• **Instructions for the task**
Among the entries below, take the line with "ショートシャツ 夏服カラーブラウス トップス" and the line with "изменённым и недо", and output them and every line between them exactly, with nothing else.

• **Material provided**
______
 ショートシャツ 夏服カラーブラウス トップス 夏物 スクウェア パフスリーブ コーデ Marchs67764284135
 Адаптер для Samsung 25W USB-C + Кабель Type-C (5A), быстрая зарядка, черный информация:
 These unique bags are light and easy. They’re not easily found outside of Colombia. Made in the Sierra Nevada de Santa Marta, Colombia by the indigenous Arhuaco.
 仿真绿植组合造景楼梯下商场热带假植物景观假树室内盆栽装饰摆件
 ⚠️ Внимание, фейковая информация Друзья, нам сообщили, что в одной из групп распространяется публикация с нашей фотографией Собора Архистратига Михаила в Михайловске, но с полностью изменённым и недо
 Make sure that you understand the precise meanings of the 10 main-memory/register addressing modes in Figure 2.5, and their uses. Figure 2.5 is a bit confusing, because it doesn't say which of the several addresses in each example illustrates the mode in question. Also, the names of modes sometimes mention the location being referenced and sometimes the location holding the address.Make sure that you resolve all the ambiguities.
______
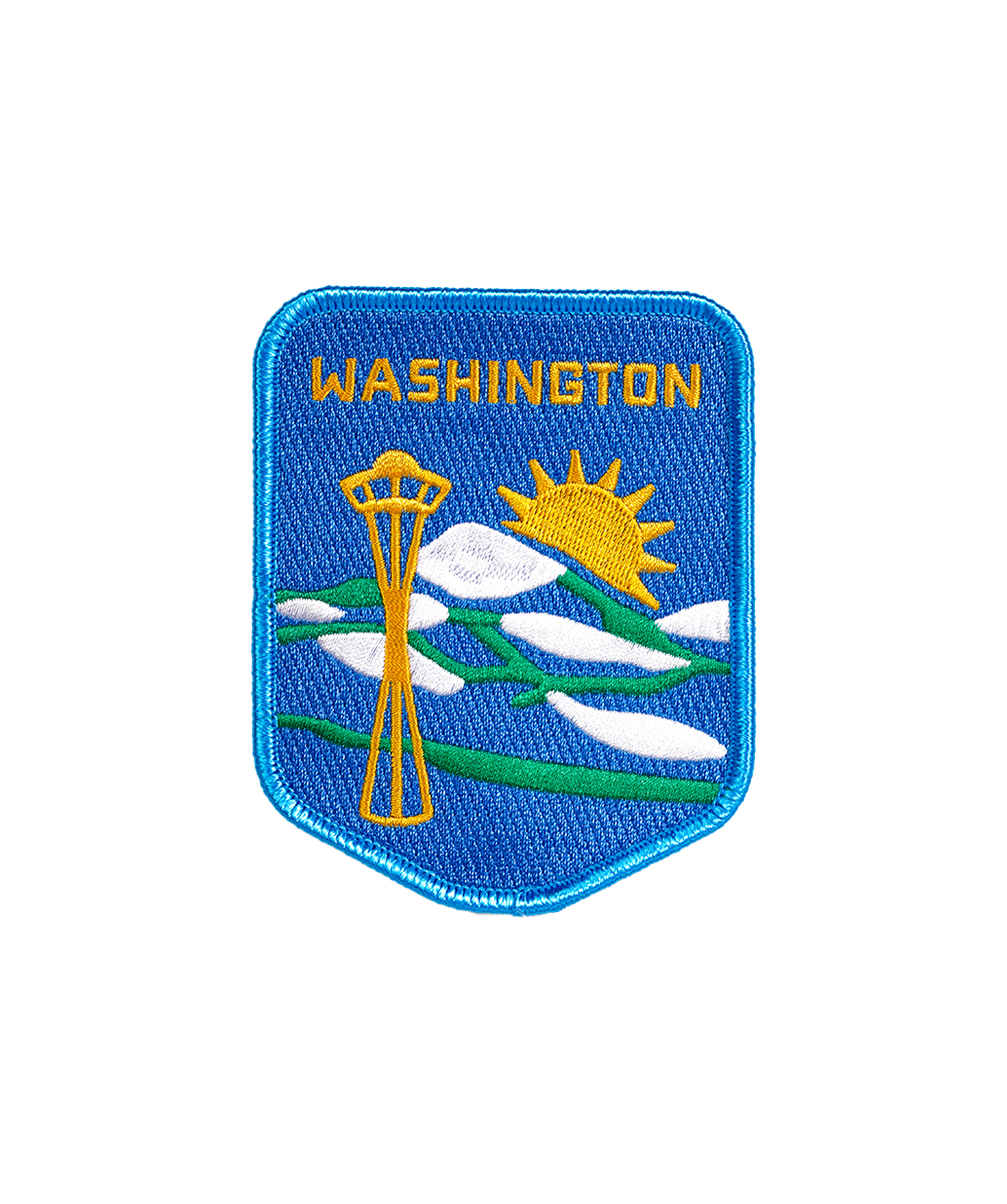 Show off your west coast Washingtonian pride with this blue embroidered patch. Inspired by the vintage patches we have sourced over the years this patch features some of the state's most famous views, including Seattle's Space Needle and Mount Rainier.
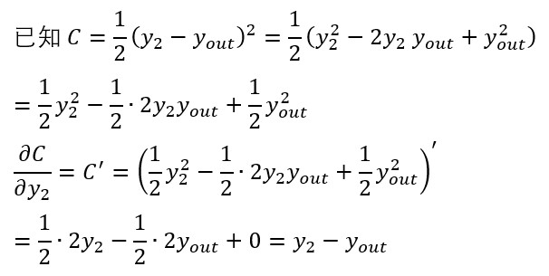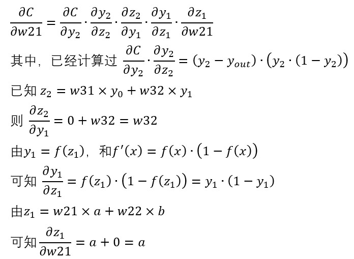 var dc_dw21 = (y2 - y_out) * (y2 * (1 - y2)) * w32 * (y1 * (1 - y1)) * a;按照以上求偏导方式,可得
______
• **Task output**
 ショートシャツ 夏服カラーブラウス トップス 夏物 スクウェア パフスリーブ コーデ Marchs67764284135
 Адаптер для Samsung 25W USB-C + Кабель Type-C (5A), быстрая зарядка, черный информация:
 These unique bags are light and easy. They’re not easily found outside of Colombia. Made in the Sierra Nevada de Santa Marta, Colombia by the indigenous Arhuaco.
 仿真绿植组合造景楼梯下商场热带假植物景观假树室内盆栽装饰摆件
 ⚠️ Внимание, фейковая информация Друзья, нам сообщили, что в одной из групп распространяется публикация с нашей фотографией Собора Архистратига Михаила в Михайловске, но с полностью изменённым и недо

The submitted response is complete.